“多謝提醒。”金言哈的一笑,“我曾聽一位名人說過,人生在世,少年得誌之時,有六字真言,不要怕,不要悔。潘老先生放心,我無懼,也無悔。”
潘應成離開後,金言馬上把吳中光叫了來。
“吳大哥,你晚上帶著人暗中藏起來,關注是否有外人闖入集團。如果有的話,要及時示警。”
“金總你的意思是,夜間會有人對集團動手?”吳中光問。
“防人之心不可無。利字當頭,有人鋌而走險也很正常。”金言沉聲說,“我看這個潘應成,來意不善。”
“我們是不是曾在異界的那個草原村見過這人?”吳中光問。
“沒錯。”金言說,“他說是研究所的人讓他來購買血奴的,可我總覺得不對勁。”
“我知道了,晚上就交給我。夜間埋伏,設置陷阱,是獵手的看家本領。”吳中光說。
金言便與吳中光一起暗中布置了夜間的埋伏事宜。隨後,他還覺得不放心,撥通了梁銳的電話。
“金大老板你好啊。”梁銳語氣中充滿了揶揄之意。
金言想起之前那通電話,覺得有些尷尬,“梁隊。我之前電話裡說話語氣太衝了,你不要介意啊。”
“我可沒有資格介意。”梁銳說道,“你現在是年收入幾千萬,甚至隨便都可以收入幾個小目標的大老板,我隻是個拿死工資,月工資一萬出頭的公務人員,哪有資格介意你啊。

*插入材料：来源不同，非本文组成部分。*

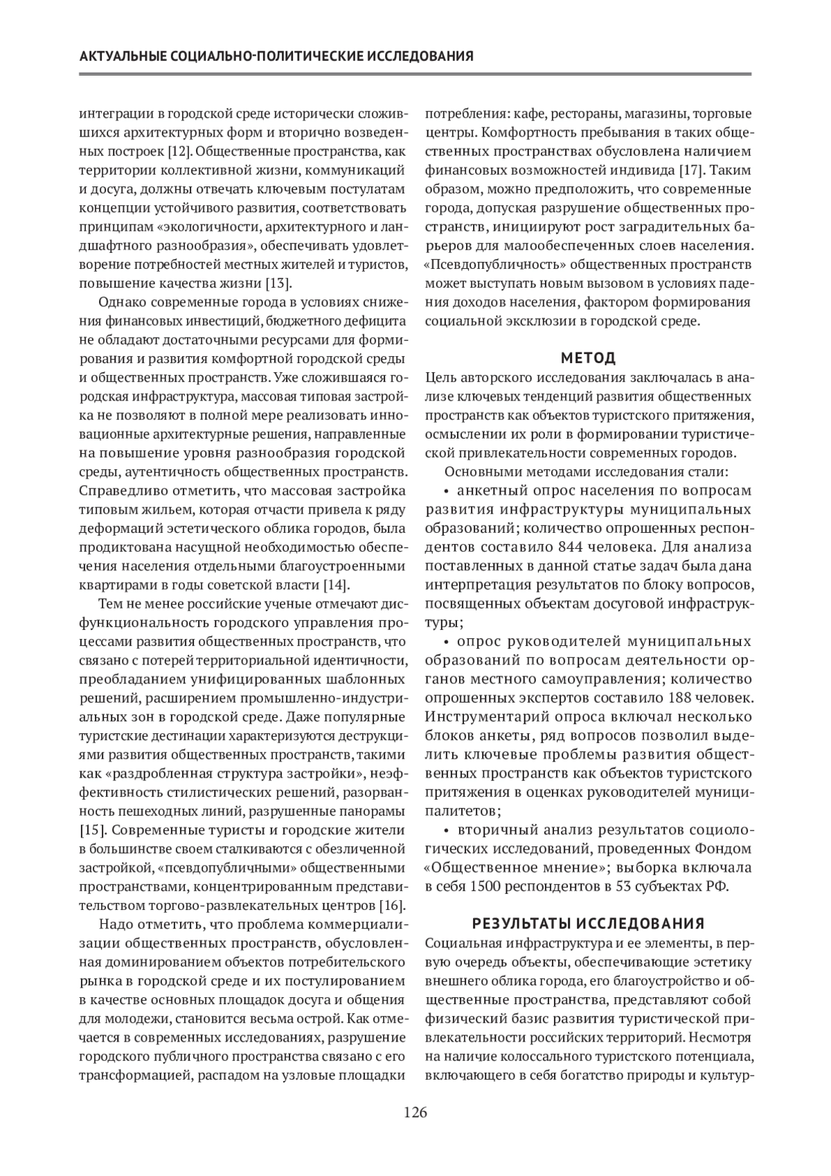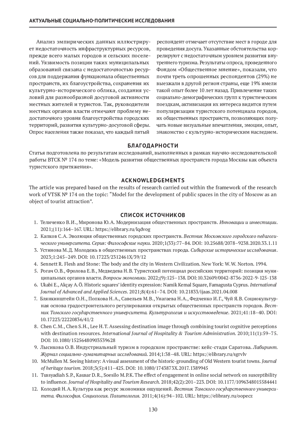 В статье рассматривается специфика развития общественных пространств современных городов как объектов туристского притяжения, анализируются ключевые проблемы и перспективы наращивания их потенциала. Роль общественных пространств в развитии внутреннего туризма определяется совокупностью факторов мотивации социальных субъектов при выборе туристских маршрутов прежде всего в контексте культурно-познавательного и событийного туризма. Наряду с когнитивно-рациональными факторами особую значимость представляет эмоционально-личностная мотивация туриста (потребность в сенсорном опыте, эмоциях, впечатлениях, визуальной привлекательности места). Результаты проведенных исследований позволили сделать вывод о наличии ряда дисфункций в развитии общественных пространств современных городов, их недостаточной визуальной и функциональной привлекательности для потенциального туриста. Дефициты финансовых средств в местных бюджетах не позволяют в полной мере поддерживать высокий уровень благоустройства общественных пространств прежде всего в малых городах. Каждый пятый опрошенный респондент в ходе исследования отметил недостаточность мест для проведения досуга. Одной из современных проблем функционирования общественных пространств становится их «переход» из публичных городских территорий в коммерциализированную зону торгово-развлекательных центров. В статье выделяются функции общественных пространств: интеграционная, коммуникационная, досуговая, социокультурная (создание условий реализации культурно-духовных интересов личности, поддержание разнообразия в городской среде), имиджевая (формирование территориального бренда и имиджа). Сделан вывод о необходимости фокусировки усилий местных органов власти на развитии общественных пространств как объектов туристского притяжения, повышении их визуальной привлекательности, аутентичности, своеобразия, активизации событийной повестки.

”
金言:
天不是這麼聊的好不好,你要這麼說話的話,就要把天聊死了。
“梁隊我錯了。”金言在講完那通電話之後,其實自己也是後悔的。他當然知道自己現在擁有的金水集團的一切,起始都是因為梁銳及“天庭”組織的扶持。他不是不懂知恩圖報的人。何況自己在訓練營中那三年,確實學到了太多東西。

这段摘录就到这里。